Let Code Day21 Starting from Zero "448. Find All Numbers Disappeared in an Array"

Overview

It seems that coding tests are conducted overseas in interviews with engineers, and in many cases, the main thing is to implement specific functions and classes according to the theme.

As a countermeasure, it seems that a site called Let Code will take measures.

A site that trains algorithmic power that can withstand coding tests that are often done in the home.

I think it's better to have the algorithm power of a human being, so I'll solve the problem irregularly and write down the method I thought at that time as a memo.

Leetcode

Leet Code Table of Contents Starting from Zero

Last time Leet Code Day20 "134. Gas Station" starting from zero

Basically, I would like to solve the easy acceptance in descending order.

Twitter I'm doing it.

problem

448. Find All Numbers Disappeared in an Array

The difficulty level is easy. One of the Top 100 Liked Questions. The number of easy questions in the Top 100 Liked Questions has decreased considerably.

Given an array of integers where 1 ≤ a [i] ≤ n (n is the size of the array), some elements will appear twice and others will appear once.

Find all the elements that are not visible in this given array.

Input: [4,3,2,7,8,2,3,1]

Output: [5,6]

Since the non-existent values between 1 and 8 are 5 and 6, those two are returned.

solution

The first implementation this time is to sort the array, compare the sorted array with the original array, and add it to the array that returns a non-existent value.

class Solution:
    def findDisappearedNumbers(self, nums: List[int]) -> List[int]:
        num,ans = set(sorted(nums)),[]
        for i in range(1,len(nums)+1):
            if i not in num:
                ans.append(i)
        return ans
# Runtime: 464 ms, faster than 11.82% of Python3 online submissions for Find All Numbers Disappeared in an Array.
# Memory Usage: 23.7 MB, less than 7.14% of Python3 online submissions for Find All Numbers Disappeared in an Array.

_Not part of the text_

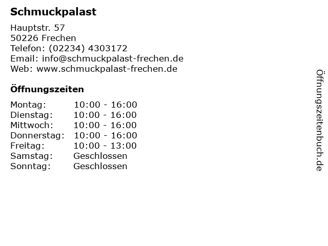 | Öffnungszeiten Schmuckpalast in Frechen anzeigen | |

However, it's not very fast, and it doesn't save that much memory consumption. So this time I tried to implement it elsewhere.

class Solution:
    def findDisappearedNumbers(self, nums: List[int]) -> List[int]:
        for num in nums:
            ans = abs(num) - 1
            if nums[ans] > 0:
                nums[ans] *= -1
        return [i+1 for i in range(len(nums)) if nums[i] > 0]
# Runtime: 380 ms, faster than 63.11% of Python3 online submissions for Find All Numbers Disappeared in an Array.
# Memory Usage: 21.5 MB, less than 17.86% of Python3 online submissions for Find All Numbers Disappeared in an Array.

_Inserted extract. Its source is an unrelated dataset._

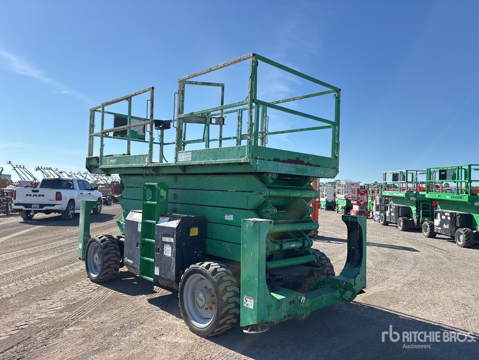 การวัดเป็นเพียงการประมาณการเท่านั้น ขนาดที่บรรทุกจริงอาจแตกต่างกันไปตามความสูงของรถบรรทุก/รถพ่วง และการกำหนดค่า/ตำแหน่งของเครื่องที่บรรทุก เป็นความรับผิดชอบของผู้ซื้อในการวัดน้ำหนักทั้งหมดก่อนออกจากสถานที่ประมูลของเรา เพื่อให้แน่ใจว่าน้ำหนักบรรทุกนั้นปลอดภัยสำหรับการขนส่ง การวัดทั้งหมดควรได้รับการตรวจสอบโดยผู้ซื้อ อย่าพึ่งพาการวัดเหล่านี้เพื่อวัตถุประสงค์ในการขนส่ง

It has improved a little. The latter gets ʻabs to get the absolute value, and if nums [ans] is greater than zero, substitutes nums [ans] for the value lacking -1 in nums [ans] . .. Finally, I wrote it by getting the length of nums in the comprehension notation, doing i + 1 if nums [i]> 0`, and finally returning.

Because of the simple processing, it is interesting to think that the amount of calculation etc. will change greatly with just one writing method.

If there is a good answer, I will add it.